Durante 2025, unas 570 mil personas fallecieron alrededor del mundo a causa del virus de inmunodeficiencia humana (VIH). A pesar de estar entre sus niveles más bajos de mortalidad en más de tres décadas, “el progreso para poner fin a la epidemia como amenaza para la salud pública está perdiendo impulso”, alertó ONUSIDA.
En su último informe, la institución especializada en esta enfermedad agregó que también adquirieron el virus 1.2 millones de personas el año pasado, de las cuales se identificaron alrededor de 9 millones que vivían infectadas, pero sin recibir algún tratamiento para combatirlo.
Por ello señaló que, a pesar de los avances que ha mostrado el combate contra el VIH durante los años, es muy marcada la desigualdad entre las regiones del mundo para enfrentar la enfermedad. Hay países con avances importantes; no obstante, en tres regiones mundiales y 21 países las infecciones aumentaron en 2025, lo cual fue descrito como una “profunda crisis”.

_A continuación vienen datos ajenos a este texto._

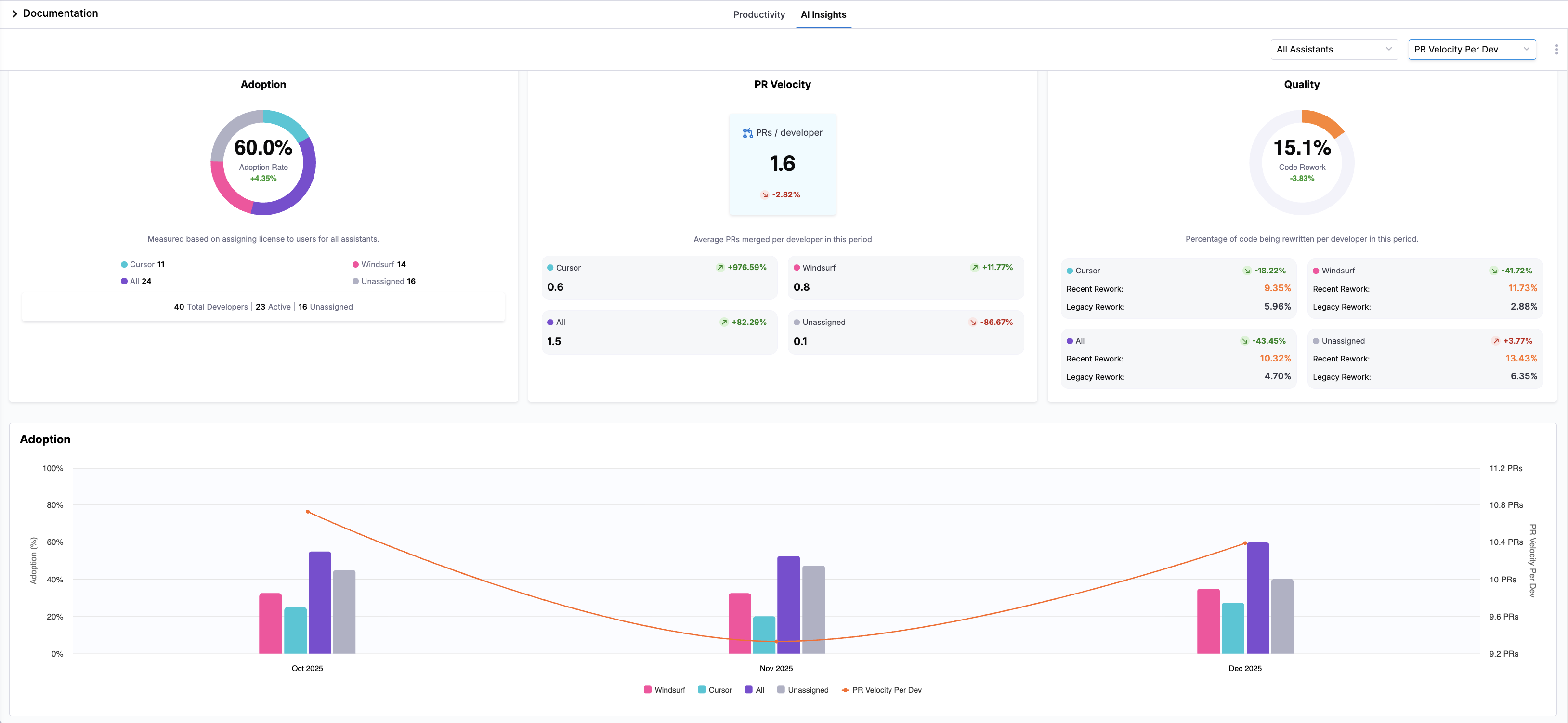 Use the All Assistants dropdown menu to control which assistant's data is calculated across all widgets. Available options include Cursor, Windsurf, and All Assistants. Click the Compare to dropdown menu to overlay a second Y-axis across AI Insight visualizations. This lets you compare AI adoption and performance metrics against a Productivity metric (either PR Velocity Per Developer or PR Cycle Time). Trendlines for Code Rework are also added to each chart so you can assess whether the selected productivity metric is improving, regressing, or remaining stable over the selected time range.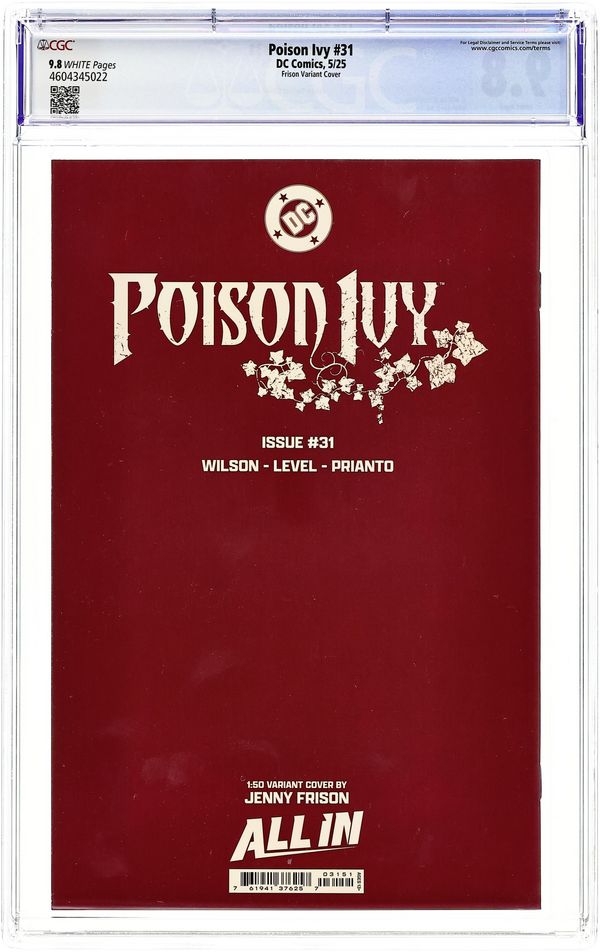 Limited 1 for 50 Retailer Incentive Variant Cover. Written by G. Willow Wilson. Art by Brian Level. Cover by Jenny Frison. THE SHADOW OVER MARSHVIEW! The strange and startling secrets of Marshview are revealed as Poison Ivy, Janet, and Peter Undine explore the transient and hungry ghost town's past. But some things are best left dead and forgotten...lest they try to eat you alive. 32 pages, full color. Rated T+ Cover price $4.99.

En este sentido, el informe subrayó la caída de 18 por ciento en la financiación internacional para combatir el sida, “el descenso más pronunciado en casi dos décadas”. Hubo menos presupuesto tanto para preservativos como otros servicios y, a su vez, crecieron las leyes que criminalizan las orientaciones sexuales e identidades de género.
“Un estudio realizado en 47 países documentó fuertes reducciones en los programas de prevención, así como en la atención destinada a hombres que tienen relaciones sexuales con hombres, trabajadoras sexuales y supervivientes de violencia de género”, lamentó ONUSIDA.
Y si bien el organismo especializado se esperanza en la innovación tecnológica para la prevención del VIH –como la inyección bianual de lenacapavir–, también alertó que los avances tendrán mayor impacto cuando lleguen a más personas por precios asequibles. “Se estima que 20 millones de personas necesitan acceder a tratamientos preventivos basados en antirretrovirales para cambiar el rumbo de la epidemia”.
Para Winnie Byanyima, directora ejecutiva de ONUSIDA, combatir esta enfermedad se centra no en el desarrollo de nuevos medicamentos, sino en que lleguen a las personas que lo padecen. “La innovación sin acceso no es innovación, es injusticia”.
El objetivo del organismo internacional para poner fin al sida como amenaza para la salud pública de aquí al 2030 todavía es alcanzable. Con la nueva Declaración Política sobre el VIH y el Sida, pueden ser evitadas 3.2 millones de nuevas infecciones, así como 1.3 millones de muertes.